Two weeks ago, Microsoft announced the launch of its “Open Data Campaign,” in their words, “to help address the looming ‘data divide’ and help organizations of all sizes to realize the benefits of data and the new technologies it powers.
“We believe everyone can benefit from opening, sharing and collaborating around data to make better decisions, improve efficiency and even help tackle some of the world’s most pressing societal challenges.”
Now, it is obvious that it is in Microsoft corporate’s interests to convince others of this, but at its heart, this is a line in the sand. Microsoft is asking the world to embrace more open data in order to create a better society.
This is all about the benefits to our greater business, not just in the present, but for the future. We believe racing would enjoy greater participation from wagering customers by offering free, basic past performances, and free, raw data feeds for analysis by those considering investing in racing’s wagering markets if such data were readily available. Other benefits are likely too.

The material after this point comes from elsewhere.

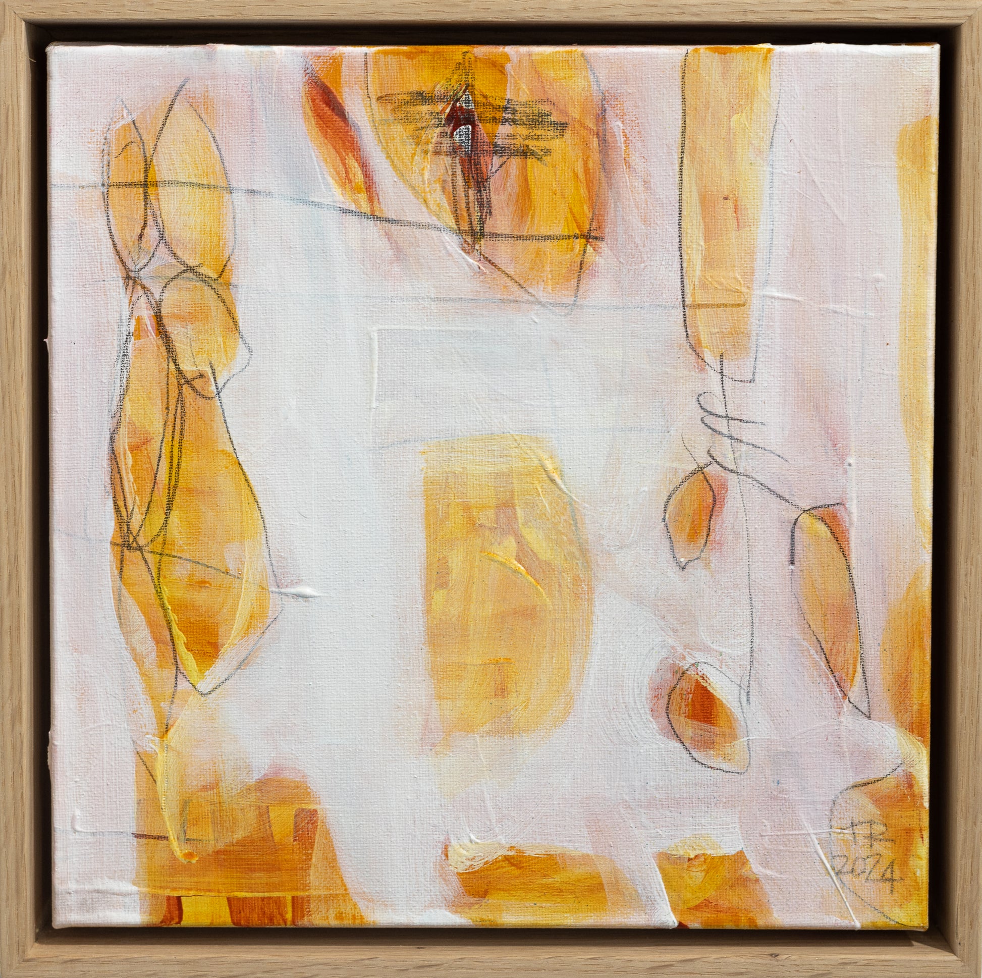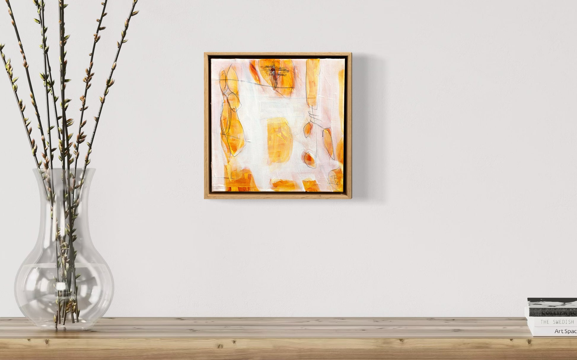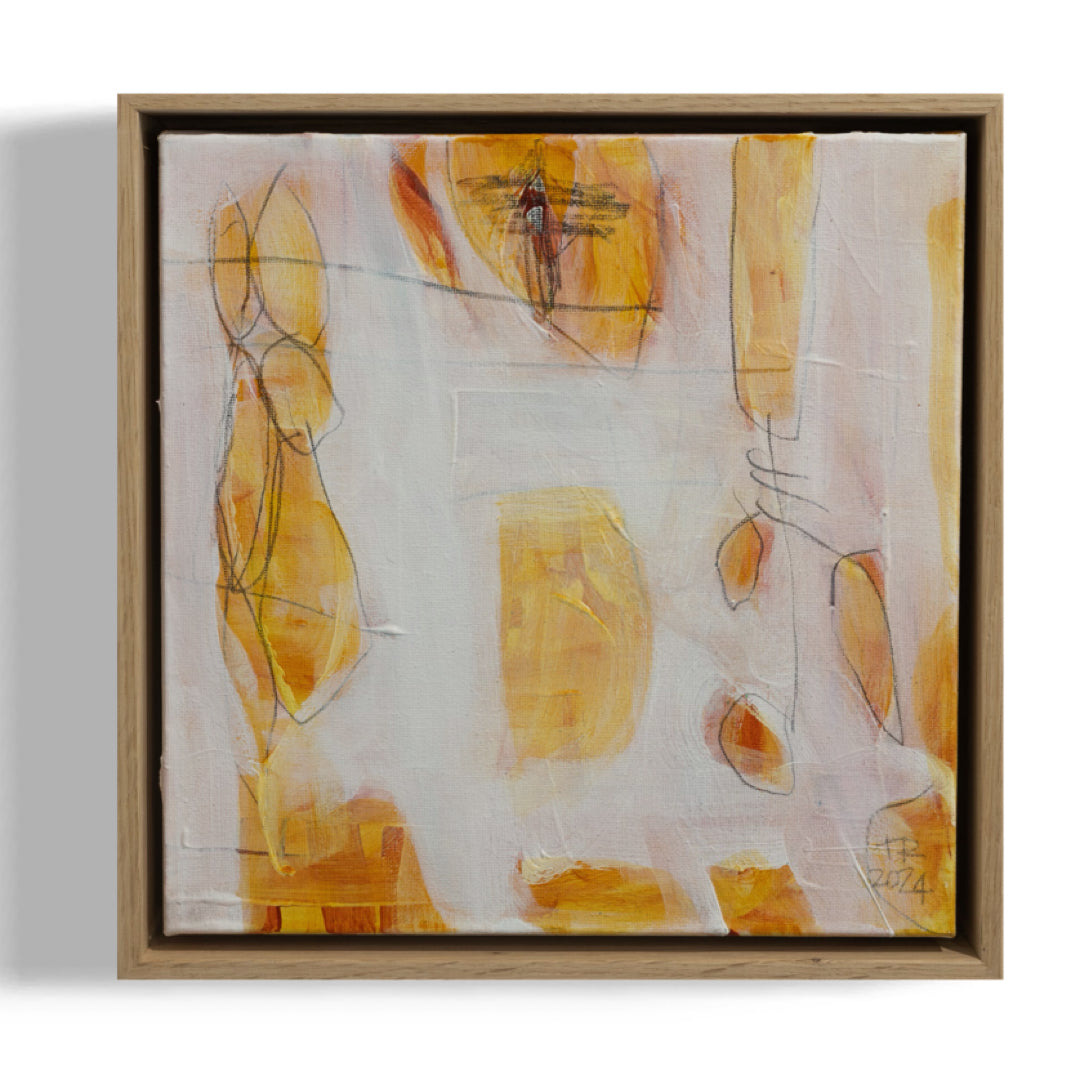 'Touch 3' (2024) is an original acrylic and mixed media painting on stretched canvas by Tamzin Rasmussen. The painting incudes a simple but elegant float frame made from American Oak
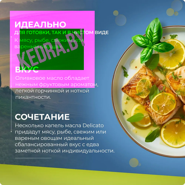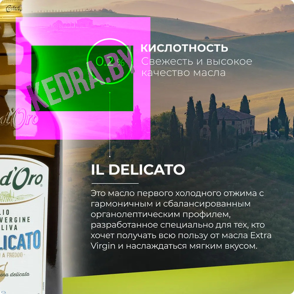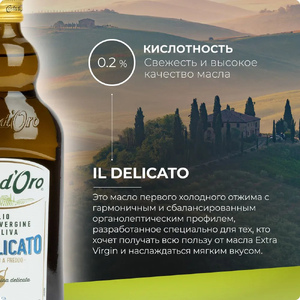 Delicato — это масло первого холодного отжима с гармоничным и сбалансированным органолептическим профилем, разработанное специально для тех, кто хочет получать всю пользу масла Extra Virgin и мягкий вкус.

This can also be about the welfare of horses, about improving our world’s understanding of horses and the meticulous efforts to breed even better, stronger future generations. Be it heart-rate monitoring, recovery rates, stride length, morning workout timing and much, much more, our sport is so desperately in need of investment to uplift its technological base to a modern level. This should help customer confidence, owner participation and more.
The “data divide” Microsoft references is, in horse racing, much more like a data canyon, with a monumental gap between our sport and not just the rest of the sporting world, but the business world too. Racing is ripe for investment, provided we can meet other challenges too – proper pricing, bolstered integrity measures, modern marketing and so much more. Our issues cannot be boiled down to prioritize only one topic above any other – it needs concurrent improvement.
Horse racing is still big business, and if our future is to look better than our overall past and present, then meaningful refurbishment must commence. Churchill Downs Incorporated’s annual report, also out about two weeks ago, offers insight to the financials of operating a racing and wagering business in an industry that is otherwise fairly opaque.
CDI’s online wagering business generated $290 million in revenue from 2019, led predominantly by TwinSpires, whose live and simulcast racing operations yielded $277 million of that net revenue figure. Operating expenses for its overall online wagering business were $206 million, with CDI reporting that their overall online wagering business’s adjusted earnings before interest, taxes, depreciation and amortization (adjusted EBITDA) came in at $66.3 million.
Sitting on a base of roughly $11 billion in annual wagering, where is racing’s greater plan to get to $15-20 billion in five years, $40-50 billion in 10 years? The impact to prize money is clear – purses should be at $1.5 billion in five years and $3-4 billion in 10. Not only does such a plan not exist at the moment, but one has never existed.
Despite many negative metrics that exist and have been oft recited in this weekly feature, there is hope for racing, but we need significant renovations to many different elements of the industry, combined with significant investment. The impetus to change amongst many of the sport’s optional financial participants – owners– is growing. The desire to benefit from change amongst the sport’s other major segment of optional financial participants – horseplayers – has never been greater.
It should make for an interesting future.